> **Exercise data**
>>>

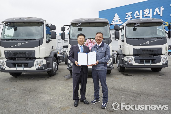 (서울=포커스뉴스) 볼보트럭코리아가 지난 13일 전북 김제 ㈜호룡 본사에서 FL 트럭을 전달하는 기념식을 가졌다.
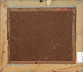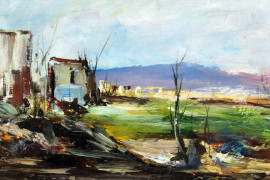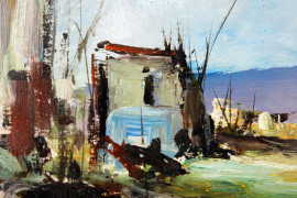 Paesaggio con case, olio su cartoncino, cm 27,5x34,5, firmato, entro cornice.
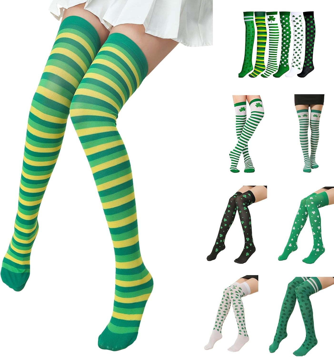 Patricks Day Decorazioni Trifoglio A Righe Sopra il Ginocchio Calze Lunghe Calze Alte Coscia Per Le Donne Accessori Del Partito Caratteristiche: e Migliora l'outfit con queste calze alte alla coscia di ispirazione irlandese con stampe tradizionali a trifoglio e a righe. Per donare fascino a ogni occasione. Realizzate in tessuto di poliestere, queste calze offrono una vestibilità comoda e traspirante. Sono elastici, morbidi e garantiscono una lunga durata. Progettate per adattarsi alla maggior parte delle donne, queste calze sono per coloro che apprezzano accessori unici ed eleganti. Che tu stia partecipando a un festival o a un evento speciale, queste calze porteranno divertimento ed eccitazione al tuo look. Abbina queste calze alte alla coscia con il tuo costume, vestito, pantaloncini o gonne preferiti per mostrare la tua individualità e personale per l'uso quotidiano, feste e appuntamenti. Specifiche tecniche: poliestere. Misura del piede consigliata: 35-40. Colori opzionali: 1, 2, 3, 4, 5, 6, 7, 8 La confezione include: 1 paio (2 pezzi) di calzini lunghi. Nota: Transizione: 1 cm = 10 mm. Non confezione al dettaglio. Si prega di considerare un margine di errore di 1-3 cm dovuto alla misurazione Assicurarsi che questo non sia un problema prima di effettuare l'ordine. A causa della differenza tra i diversi monitor, l'immagine potrebbe non riflettere esattamente il colore dell'articolo.

<<<

> **Exercise directions**
Print the listing exactly. No pictures belong in the copy.

> **Reply**
 (서울=포커스뉴스) 볼보트럭코리아가 지난 13일 전북 김제 ㈜호룡 본사에서 FL 트럭을 전달하는 기념식을 가졌다.
 Paesaggio con case, olio su cartoncino, cm 27,5x34,5, firmato, entro cornice.
 Patricks Day Decorazioni Trifoglio A Righe Sopra il Ginocchio Calze Lunghe Calze Alte Coscia Per Le Donne Accessori Del Partito Caratteristiche: e Migliora l'outfit con queste calze alte alla coscia di ispirazione irlandese con stampe tradizionali a trifoglio e a righe. Per donare fascino a ogni occasione. Realizzate in tessuto di poliestere, queste calze offrono una vestibilità comoda e traspirante. Sono elastici, morbidi e garantiscono una lunga durata. Progettate per adattarsi alla maggior parte delle donne, queste calze sono per coloro che apprezzano accessori unici ed eleganti. Che tu stia partecipando a un festival o a un evento speciale, queste calze porteranno divertimento ed eccitazione al tuo look. Abbina queste calze alte alla coscia con il tuo costume, vestito, pantaloncini o gonne preferiti per mostrare la tua individualità e personale per l'uso quotidiano, feste e appuntamenti. Specifiche tecniche: poliestere. Misura del piede consigliata: 35-40. Colori opzionali: 1, 2, 3, 4, 5, 6, 7, 8 La confezione include: 1 paio (2 pezzi) di calzini lunghi. Nota: Transizione: 1 cm = 10 mm. Non confezione al dettaglio. Si prega di considerare un margine di errore di 1-3 cm dovuto alla misurazione Assicurarsi che questo non sia un problema prima di effettuare l'ordine. A causa della differenza tra i diversi monitor, l'immagine potrebbe non riflettere esattamente il colore dell'articolo.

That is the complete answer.